Pertanian organik, Sertifikasi dan kakao berkelanjutan

Tanaman kakao merupakan salah satu komoditi ekspor yang tergolong primadona,
meskipun tingkat konsumsi dalam negeri masih cukup rendah namun jumlah biji kakao
yang di ekspor tergolong tinggi bahkan indonesia saat ini berada pada peringkat ke 3
penghasil kakao terbesar dunia, setidaknya indonesia menghasilkan sekitar 580.000 ton
kakao dan mengekspor 380.000 ton setiap tahunnya.
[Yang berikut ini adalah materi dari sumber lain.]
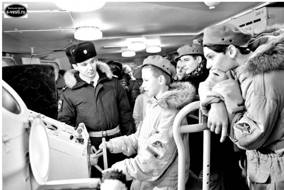
Став юнармейцами, мальчишки получили возможность оказаться за штурвалом авианесущего крейсера «Кузнецов».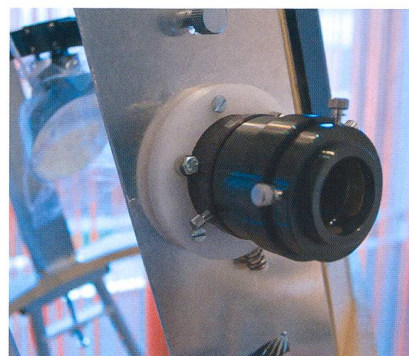
Figure 1: Le porte oculaire hélicoïdale.

fier l'ensemble de la structure. Ensuite chacun lors de la construction va proposer ses propres adaptations aux plans de base. Pour ma part, j'ai surtout rajouter une plateforme qui permettra de mettre un chercheur Telrad, j'ai fait construire un support en alu pour le porte-oculaire, ainsi qu'un système de vis poussantes sur les quatre côtés de la base de la cage du primaire afin de permettre un centrage parfait du miroir.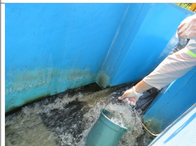
Descrição: Coleta de efluente para análise.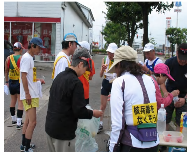
写真: 昨年の反核平和マラソンの給水風景 →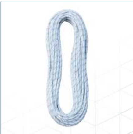
TR-0025 | TR-0026 TR-0027 | TR-0038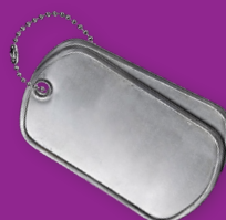
Defensie & Internationale Veiligheid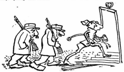
Έμπήσαν όλοι στό Νοσοκομείο...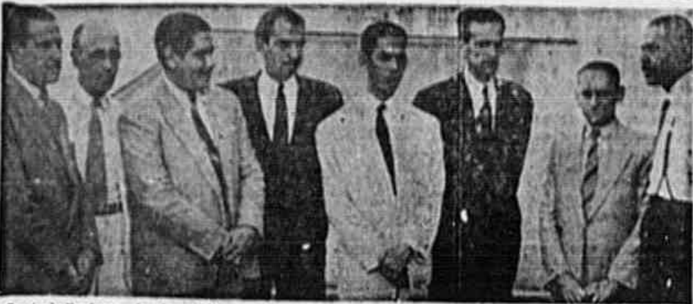
Os trabalhadores da Leopoldina, em nota redigida, quando nos transmitem as declarações que lhes fizera, momentos antes, o senador Melo Viana

QUINTA-FEIRA, 18 DE JULHO DE 1946 ANO II N.º 355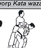
Schouderworp Sei nage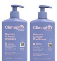
Champú 400ml Acondicionador 400ml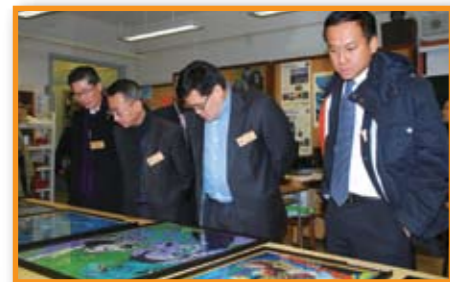
■ 各總理駐足欣賞同學作品。

為加強了解各單位之日常運作，完善本堂各項服務質素，常務總理會分別巡視轄下的醫療、教育及社會服務單位。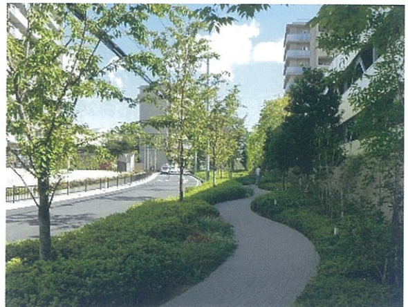
建築物外周部の遊歩道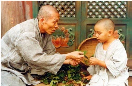
Il film "Primavera, estate, autunno, inverno e ancora primavera" ha come soggetto il rapporto tra maestro e allievo, segnato dalla ciclicità del tempo.

Per tale ragione le qualifiche di un allievo non sono determinate da un apprendimento formale determinato da didattiche e colori di cintura. Bensì si valuta l'allievo dallo spirito che è insito in esso. La trasmissione dell'insegnamento avviene solo in linea diretta e trascende dal concetto che ciò si possa acquistare. L'insegnamento si fonda sul valore dei meriti. I meriti non scaturiscono dalle cose che si possono offrire, ma dalla crescita che ogni essere è in grado di comprendere.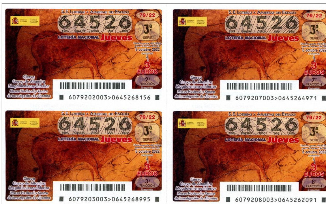
Figura 22: Décimos con la cierva de Altamira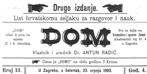
Sl. 4 Cenzurirana naslovnica Radićevih novina Dom iz 1903. godine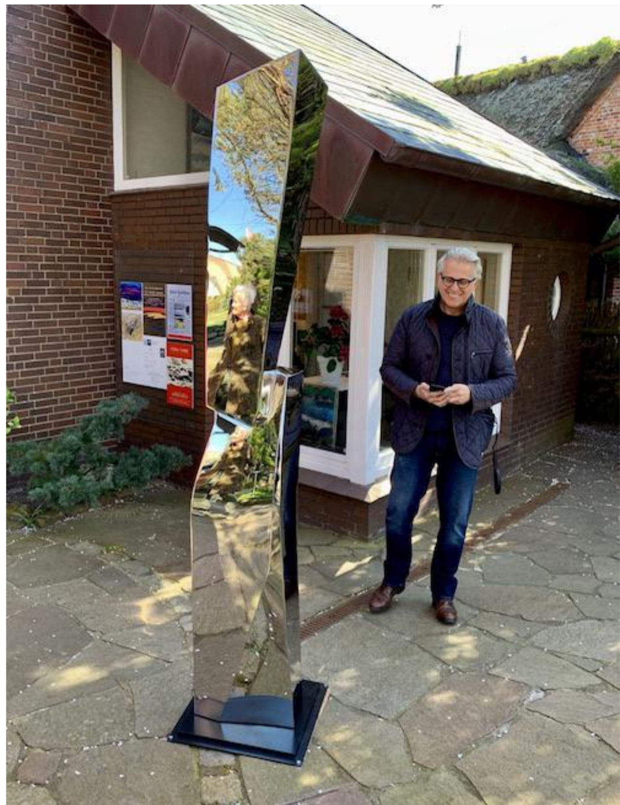
Stefan Faas: Anthropomir Kephalos II, 2019 Spiegelstahl V4a, Höhe 230 cm © Stefan Faas & Galerie Falkenstern Fine Art

Stefan Faas - Anthropomir Kephalos II, 2019 Mirror finish Steel V4a, Height 230 cm © Stefan Faas & Galerie Falkenstern Fine Art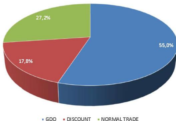
VENDITE ITALIA MORTADELLA BOLOGNA IGP - senza intercompany

Molto positivo il versante export , che rappresenta circa il 25% delle vendite totali e che, con l'aumento a due cifre, pari a +12,4% si conferma un fattore trainante della crescita della IGP.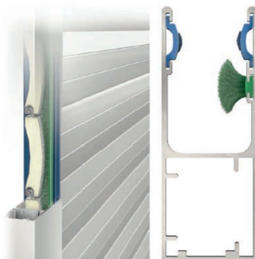
Vue de dessus de la coulisse et de ses joints.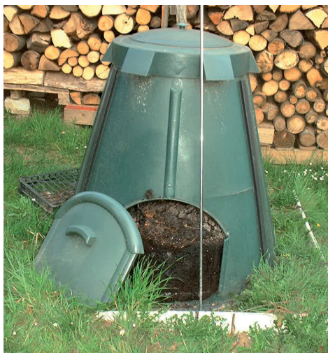
archivio E.R.I.C.A. 2005

D'altra parte molte città o regioni hanno già messo in campo azioni di prevenzione, mentre altre sono praticamente al punto zero.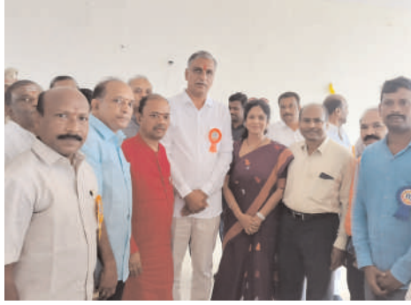
వెల్ నెస్ యోగా సెంటర్ లో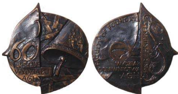
Medal 60-lecia Wydziału Odlewnictwa AGH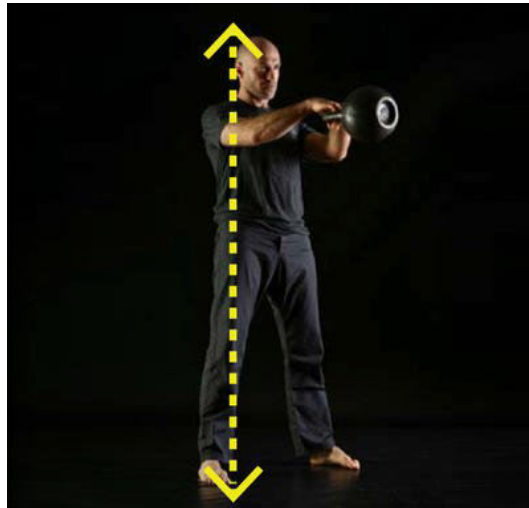
Obr. 3 Horní pozice swingu.

1) horní část – bell se na zlomek vteřiny zastaví ve stavu beztlíže, ramena jsou uvolněná a stále stahována od uší, bell je stále v prodloužení předloktí, hýždě jsou maximálně stažené, nezaklánět v bederní oblasti, krátký silový výdech do pevného břicha (rychlé silové „zasyčení“), kolena jsou propnutá (obr. 3).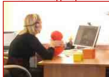
Видеоконсультирование семей, проживающих в отдаленных сельских территориях

Potensi dan prospek tanaman
kakao indonesia sangat besar mengingat kesesuaian syarat tumbuh tanaman kakao
dengan kondisi tanah dan iklim indonesia sangat sesuai. Potensi besar ini pula yang
mendorong investor tidak hanya berinvestasi di indonesia tapi juga membangun
kemitraan dengan pemerintah serta NGO mengimplementasikan berbagai macam
program untuk meningkatkan produktifitas dan kualitas kakao nasional.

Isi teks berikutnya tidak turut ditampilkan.